**DESCRIPTION OF THE TASK**:
Once you find the line below that contains "freundlich, liebevoll, sozial", write it out along with every later line exactly as given, stopping only when the records end. Omit the pictures.

(Dataset items)
_____
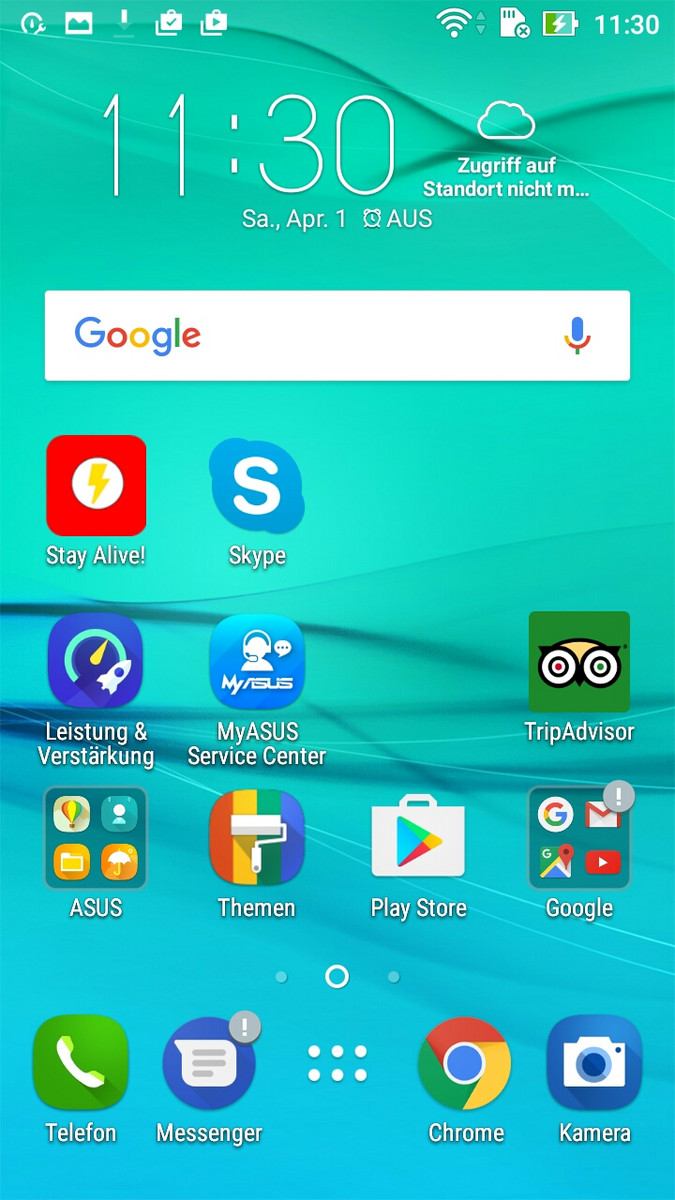 ZenUI heißt Asus' hauseigene Nutzeroberfläche, die auf Android basiert und auf den ersten Blick nur wenige und hauptsächlich optische Änderungen an Googles Betriebssystem Android 6.0 vornimmt. Erfreulich ist, dass es gleich nach dem Start unseres Tests ein Software-Update gab, Asus kümmert sich also scheinbar auch um seine günstigen Smartphones. Nach dem Update datieren die Android-Sicherheitspatches auf den 1. März 2017 und sind damit topaktuell, sehr gut, Asus.
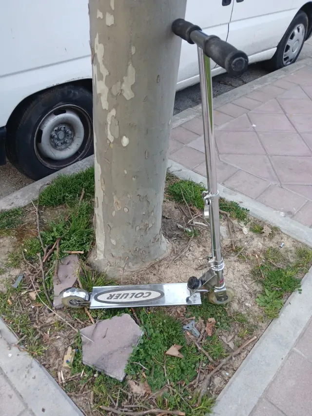 Patinete de estilo clásico con acabado plateado. - Plataforma con logo. - Ruedas y manillar negros.
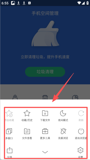 3、在手机空间管理页面,点击“设置”图标,调整各项功能选项。
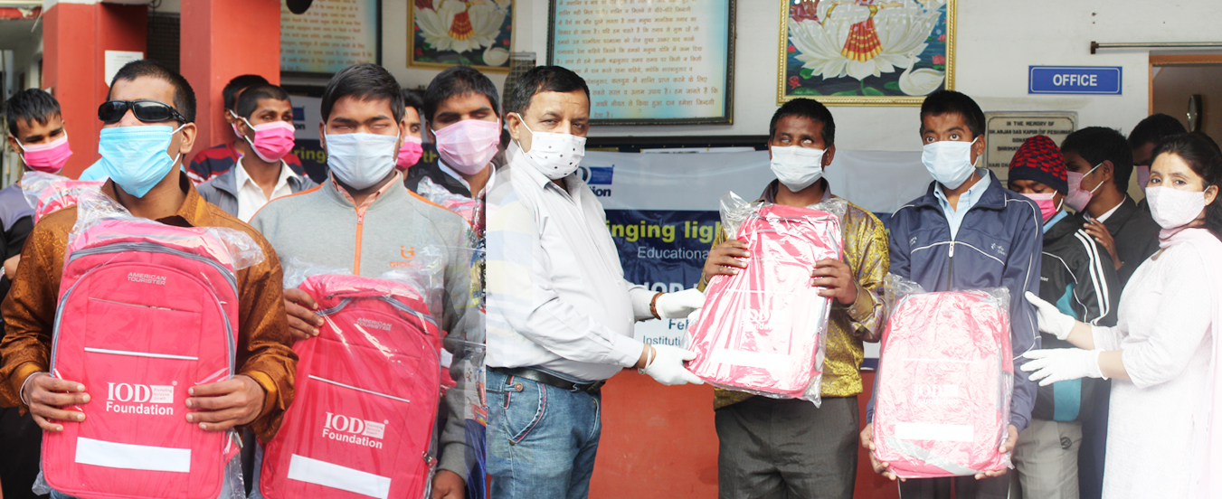 IOD Foundation organized an Educational Support Program with the Institution for Blind School, Amar Colony, New Delhi with the slogan ‘Bringing light to the Blind’. IODF distributed P2 school bags, pen drives and other stationery items to the blind students as per their requirement. IOD Foundation also distributed Non Perishable food items to these students. Program was organized under Covid-19 protocol. Face masks and hand sanitizers were also provided to all participants. More than 40 underprivileged blind students of their institute participated with IOD Foundation to get support through various education support activities, which can lead to a positive impact on their growth. These activities are empowering the underprivileged blind students to promote inclusive social and national growth.
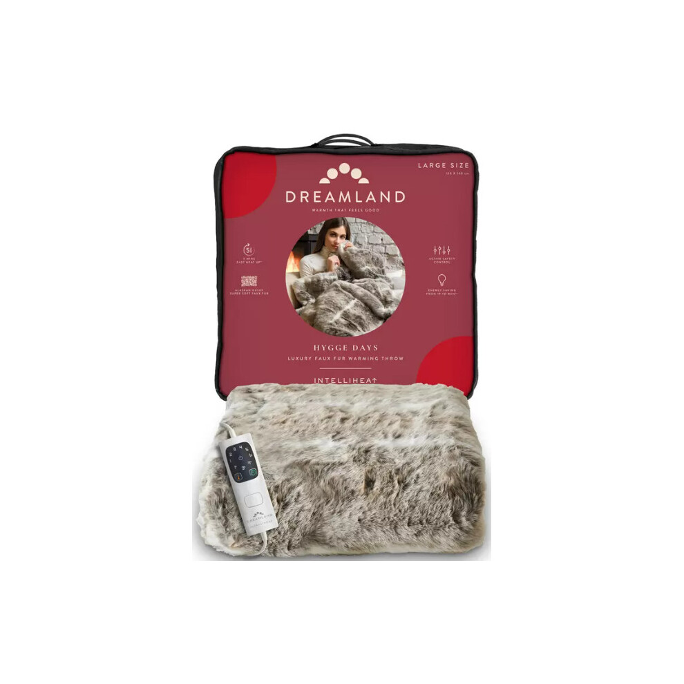 DREAMLAND Hygge Days Faux Fur Heated Throw - Fallow Deer, 160 x 120 cm
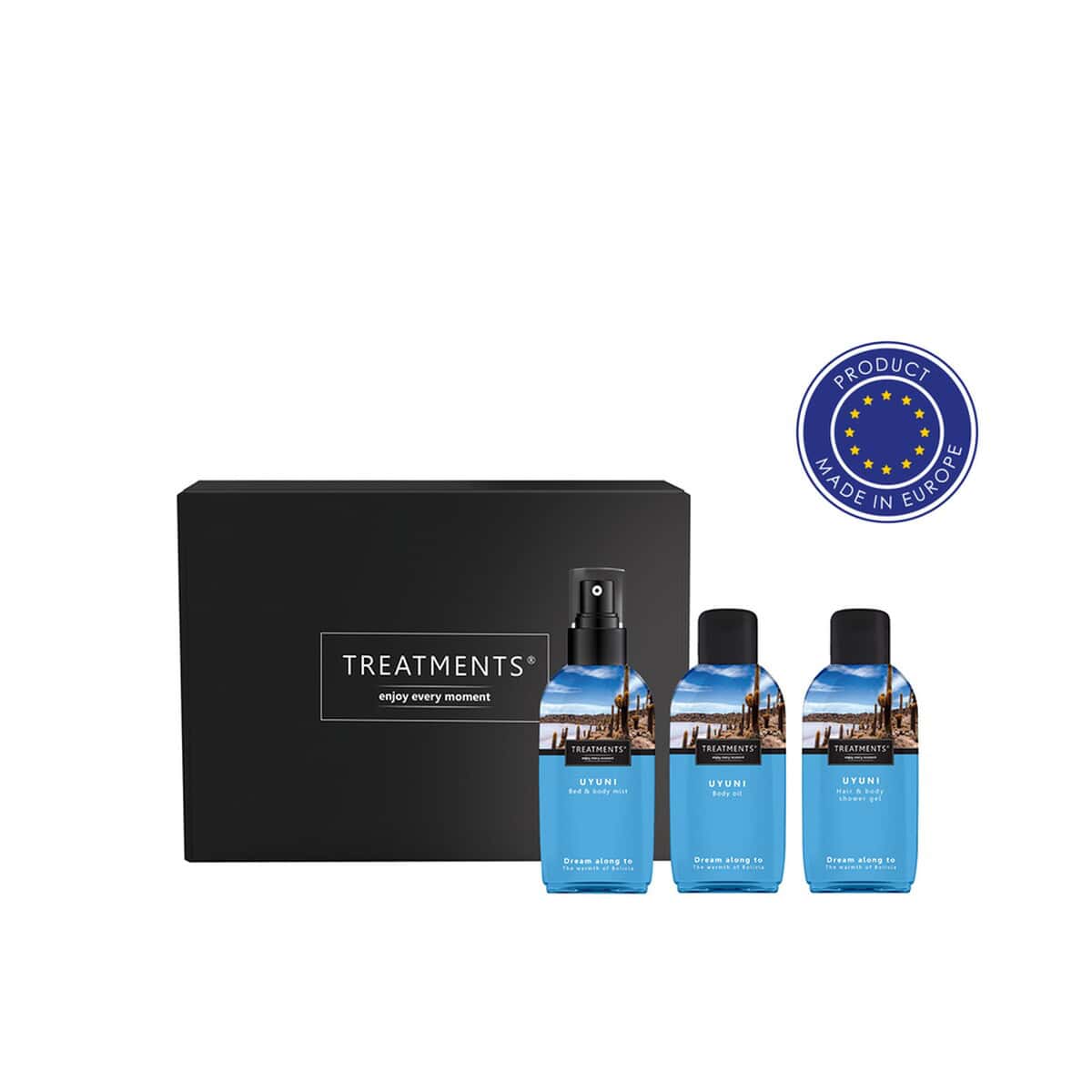 Zestaw kosmetyków Body & Fragnance Mailbox TREATMENTS to kompaktowe, a zarazem wyjątkowo eleganckie rozwiązanie, które spełni oczekiwania nawet najbardziej wymagających użytkowników. W skład pakietu wchodzą: mgiełka do ciała i pościeli 50 ml, olejek do ciała 50 ml oraz żel pod prysznic do włosów i ciała 50 ml, zapakowane w stylowy kartonik o wymiarach 13 x 15 x 2,2 cm. Dzięki czterem wyrafinowanym wersjom zapachowym – Ceylon, Mahayana, Uyuni oraz Shinshiro – każdy znajdzie kompozycję harmonijnie dopasowaną do nastroju i pory dnia 🙂.
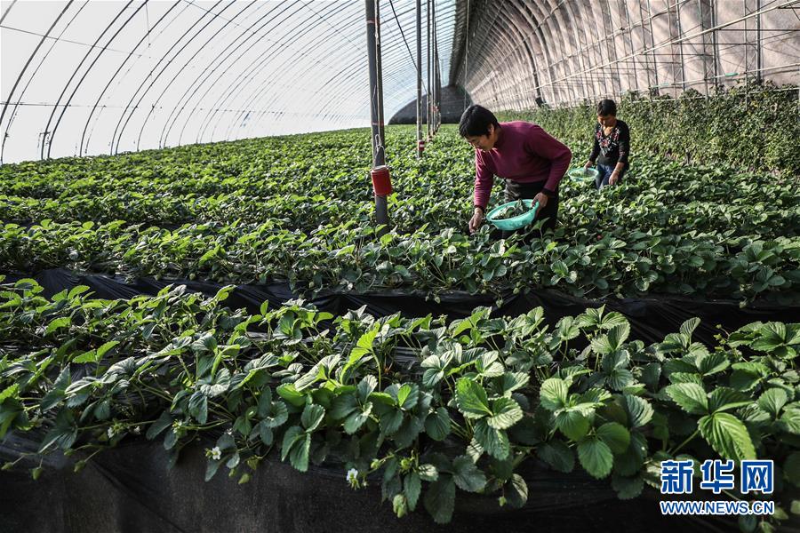 12月19日,農(nóng)戶(hù)在大棚里管理草莓。 2017年5月,遼寧省鐵嶺市昌圖縣大四家子鎮(zhèn)方家船口村利用土地確權(quán)成果,由村兩委班子成員領(lǐng)辦創(chuàng)辦了昌圖久晟果木蔬菜種植專(zhuān)業(yè)合作社。到2018年9月,合作社利用產(chǎn)業(yè)扶貧資金、壯大村集體經(jīng)濟(jì)扶持資金、村集體用地和村民入股資金建成了11個(gè)“股份制大棚”,主要種植草莓等作物,產(chǎn)品通過(guò)電商銷(xiāo)往云南、四川、北京、上海等地,預(yù)計(jì)第一期可為265名貧困戶(hù)每人分紅860元。 新華社記者潘昱龍攝
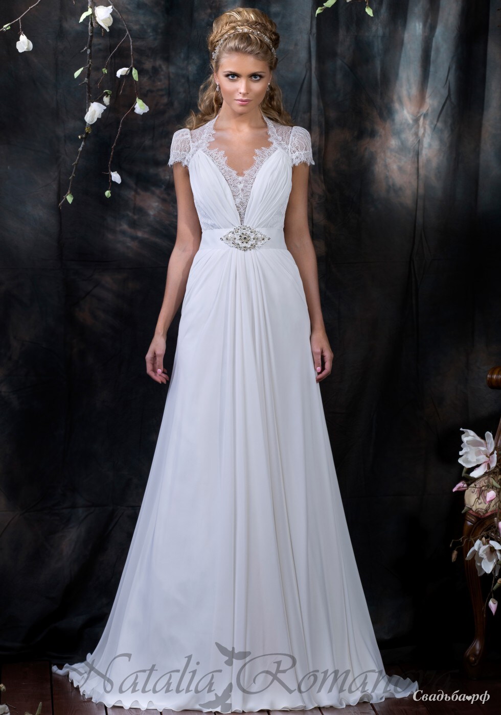 Верхняя часть спины прикрыта тонким кружевом, мелкие пуговички застежки выглядят декоративным элементом. Зона декольте с пятиугольным вырезом отделана широкой кружевной каймой. Небольшие рукавчики, необычные для свадебных платьев, выглядят здесь вполне уместно.
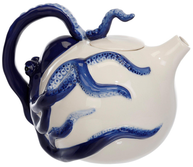Add a splash of ocean charm with the Blue Octopus Teapot. Featuring a graceful octopus design in rich blue tones, this ceramic teapot blends art and function beautifully. Perfect for serving tea with a touch of coastal elegance. Measures approximately 5.5 in x 8.5 in x 7 in.
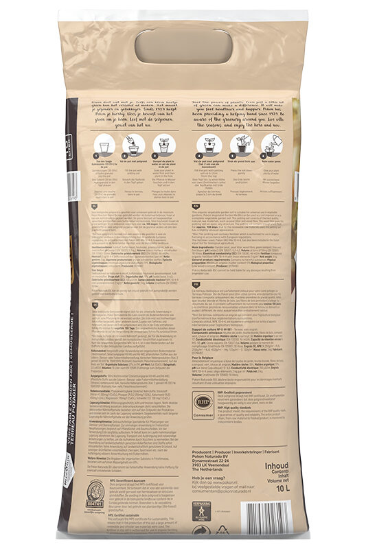 Deze potgrond is bemest met Pokon EKO-Mix 10-4-4, dit is toegestaan voor gebruik in de biologische landbouw conform de EU normen 834/2007 en 889/2008.
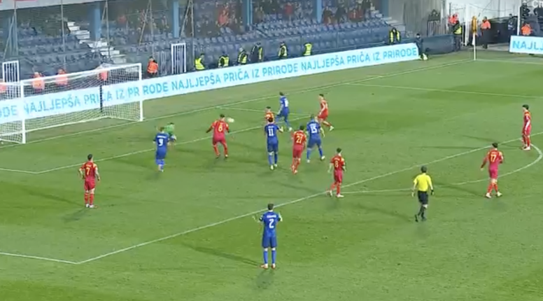 U 36. minuti stoper Crne Gore Rubežić silovitim klizećim startom odnio je loptu i srušio Jakića u kaznenom prostoru. Iako je start bio na loptu, sudac Meler nakon intervencije VAR-a pokazao je na bijelu točku
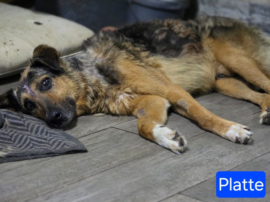 Hagrid (Spitzname "Platte") Rüde, Alter unbekannt, ca. mittelgroß, freundlich, liebevoll, sozial
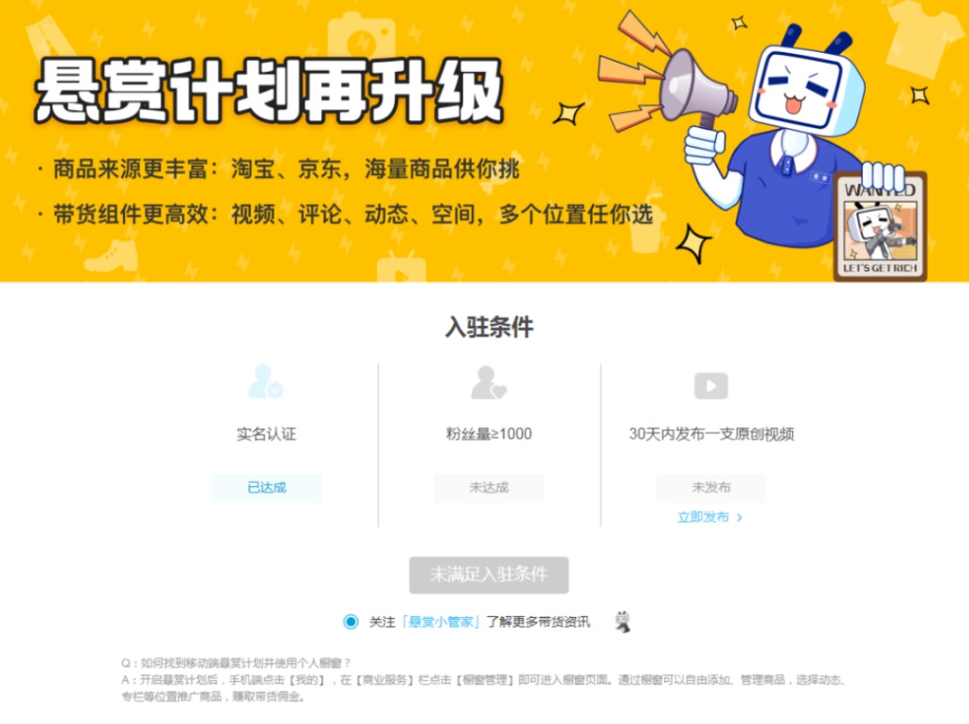2020年7月,B站宣布对“悬赏计划”再升级,不再局限于淘宝,京东的商品也能够选择;带货链接也不只是局限于直播或者视频中,评论、动态都能带货。而带货的账号只需满足:实名认证、粉丝量大于1000、30天内发布一支原创视频即可。
_____
**WRITTEN SOLUTION**:
 Hagrid (Spitzname "Platte") Rüde, Alter unbekannt, ca. mittelgroß, freundlich, liebevoll, sozial
2020年7月,B站宣布对“悬赏计划”再升级,不再局限于淘宝,京东的商品也能够选择;带货链接也不只是局限于直播或者视频中,评论、动态都能带货。而带货的账号只需满足:实名认证、粉丝量大于1000、30天内发布一支原创视频即可。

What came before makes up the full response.